A lot of the discussions are on how to certify content after submission to a pre-print server and how expensive should the whole process really be. Going through it the thing that most impressed me is that everyone seems to accept naturally the usefulness of a preprint server. Ken Muldrew in one of the comments says:

"something like the arXiv is sort of a bridge between conference talks and publications; a new phenomenon that doesn’t replace the old ways but rather adds to them, like email as it relates to phone conversations and page-written letters."

So why are there not more bioinformatics manuscripts in pre-print servers ? Most bioinformatic/computational biology journals accept submissions from papers already in pre-print servers. I subscribe to the arXiv feed on quantitative biology but most papers seem to a bit away from biology when compared to work published in say Bioinformatics, PLoS Comp Bio and BMC Bionformatics. This recent manuscript about horizontal gene transfer shows that arXiv does accept the type of work that I might participate in so I will try to in the future submit there first.



Thursday, September 14, 2006

Marc Vidal interview in a podcast

(via My Biotech Life) Rick pointed me to a podcast series called Futures in Biotech. I am listening to a two part interview with Marc (Interactomes) Vidal, explaining his interest in parts and networks on a very accessible level. There are some interesting historical little stories for those more familiar with the field.


Monday, September 11, 2006

Postgenomic Upgrade

I don't remember reading any announcement but I guess Stew upgraded Postgenomic. It's full of extra information that will give anyone a chance to procrastinate for some time. Did you ever wonder what is the Gunning-Fog Index of your blog ? Your incoming bloglove ? (whatever that means) Your most popular blog post ? Go have a look at PG.

He also added a section on original research that I guess is still experimental. My two posts on the correlation between protein age and protein interactions are there but I guess he had to mark them by hand.

On a related note, Stew released a greasemonkey script to add links to postgenomic from connotea. I would love to see journals starting to link directly to postgenomic without us having to use greasemonkey scripts. This would give bloggers an extra little incentive to write some comments on papers and for the journals it's free content and extra attention on their sites.

Now .. back to my thesis ...

Friday, September 08, 2006

Building reality online (the lonelygirl15 meme)


I am not a big fan of video sites so today was the first day I heard about lonelygirl15. She is a very famous video blogger with videos seen a total of about 2 million times. The interesting thing is that she does not actually exist. She is part of an art project intent on doing something like a wiki soap:

Thank you so much for enjoying our show so far. We are amazed by the overwhelmingly positive response to our videos; it has exceeded our wildest expectations. With your help we believe we are witnessing the birth of a new art form. Our intention from the outset has been to tell a story-- A story that could only be told using the medium of video blogs and the distribution power of the internet. A story that is interactive and constantly evolving with the audience.
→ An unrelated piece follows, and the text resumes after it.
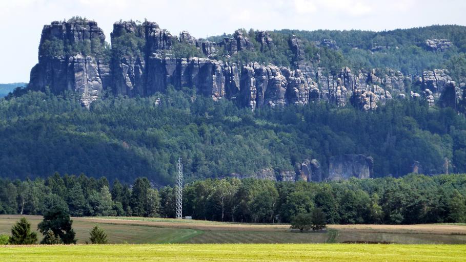 Keywords: Schrammsteine Sächsische Schweiz 1.JPG de Blick auf die Schrammsteine von Kleinhennersdorf aus 2012-08-07 own Brücke-Osteuropa cc-zero Uploaded with UploadWizard Schrammsteine

Even if people lose interest now that they know she is not real, the fact was that they were drawn into her fabricated life. Is this ethically correct ?
I guess what I am getting at is that we are getting better at creating virtual reality. The truth is what the majority of people perceive to be true, the wiki kind of truth. This is already the case in physical reality with mass media having a strong effect on what is actually perceived. What I think is that this manipulation of masses and crowd effects are much stronger online.